Parsing using Java #
Consider
\( S' \to S\$ \\ S \to aSx \mid bSx \mid \lambda \)Heres the predictor table
Production | \( \text{First (right hand side)} \) | If nullable, \( \text{Follow(left hand side)} \) |
---|---|---|
\( S \to aSx \) | \( a \) | |
\( S \to bSx \) | \( b \) | |
\( S \to \lambda \) | \( x,\$ \) |
In code:
We are using a queue of strings to simulate the scanner.
import java.util.Queue;
import java.util.LinkedList;
import java.util.Arrays;
public class ParseTest {
private static Queue<String> toks;
private static boolean isEmpty() { return toks.isEmpty(); }
private static String next() { return toks.element(); }
private static void match(String tok) {
if (isEmpty() || !next().equals(tok))
throw new IllegalStateException("Error on match(" + tok + ")");
toks.remove();
}
public static void parseS() {
if (isEmpty()) {
// $ predicts S-> \lambda, so leave toks alone
} else if (next().equals("a")) {
match("a"); parseS(); match("x");
} else if (next().equals("b")) {
match("b"); parseS(); match("x");
} else if (next().equals("x")) {
// x predicts S-> \lambda, so leave toks alone
} else {
throw new IllegalStateException("Unexpected: " + next());
}
}
public static void main(String[] args) {
toks = new LinkedList<String>(Arrays.asList("a","b","x","x"));
parseS();
System.out.println(isEmpty() ? "accept" : "reject");
}
}
Creating a parse tree #
Using the previous language, the string \( abxx \) ’s structure isn’t at first clear. Lets turn it into a tree:
It is useful to represent files as a tree (like structured XML files), to make it easy to traverse the data.

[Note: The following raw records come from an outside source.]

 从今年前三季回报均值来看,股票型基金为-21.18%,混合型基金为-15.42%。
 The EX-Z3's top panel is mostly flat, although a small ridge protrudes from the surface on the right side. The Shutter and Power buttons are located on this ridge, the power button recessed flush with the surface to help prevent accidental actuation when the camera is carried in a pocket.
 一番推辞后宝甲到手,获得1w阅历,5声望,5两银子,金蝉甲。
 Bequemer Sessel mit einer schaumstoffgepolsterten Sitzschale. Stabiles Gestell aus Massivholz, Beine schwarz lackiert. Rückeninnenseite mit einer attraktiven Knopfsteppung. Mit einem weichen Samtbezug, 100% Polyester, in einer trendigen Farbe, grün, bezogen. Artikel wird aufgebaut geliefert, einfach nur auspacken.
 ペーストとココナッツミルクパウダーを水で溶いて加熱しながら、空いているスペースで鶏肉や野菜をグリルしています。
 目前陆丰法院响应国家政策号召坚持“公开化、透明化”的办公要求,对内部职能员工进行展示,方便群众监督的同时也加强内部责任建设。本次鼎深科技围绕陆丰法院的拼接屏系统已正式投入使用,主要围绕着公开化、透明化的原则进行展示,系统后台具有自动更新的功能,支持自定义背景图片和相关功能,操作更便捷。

We should be able to take a grammar and turn it into a tree that represents the structure of the input. Whenever we do a parse, it returns a reference to a node representing that symbol.

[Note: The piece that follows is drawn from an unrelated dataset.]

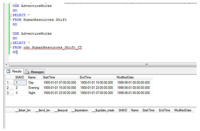 Once this script is run, we can see the contents of our tables HumanResources.Shift and cdc.HumanResources_Shift_CT.

Each leaf will be a node, and each interior non-terminal will also be a node. The non-terminals have a responsibility to build a node and return a reference to it.
We will use Java’s DefaultMutableTreeNode
class, which implements TreeNode
.
import javax.swing.tree.DefaultMutableTreeNode;
// other existing methods from above
public static DefaultMutableTreeNode parseS() {
DefaultMutableTreeNode rval = new DefaultMutableTreeNode("S");
if (isEmpty() || next().equals("x")) { // S --> lambda
rval.add(new DefaultMutableTreeNode(""));
} else if (next().equals("a") || next().equals("b")) { // S --> aSx | bSx
String tok = next();
match(tok);
rval.add(new DefaultMutableTreeNode(tok));
rval.add(parseS());
match("x");
rval.add(new DefaultMutableTreeNode("x"));
} else { // Unexpected token
throw new IllegalStateException("Unexpected: " + next());
}
return rval;
}
Same method but thoroughly commented
import javax.swing.tree.DefaultMutableTreeNode;
// ....
public static DefaultMutableTreeNode parseS() {
// Create node to be returned and label it "S"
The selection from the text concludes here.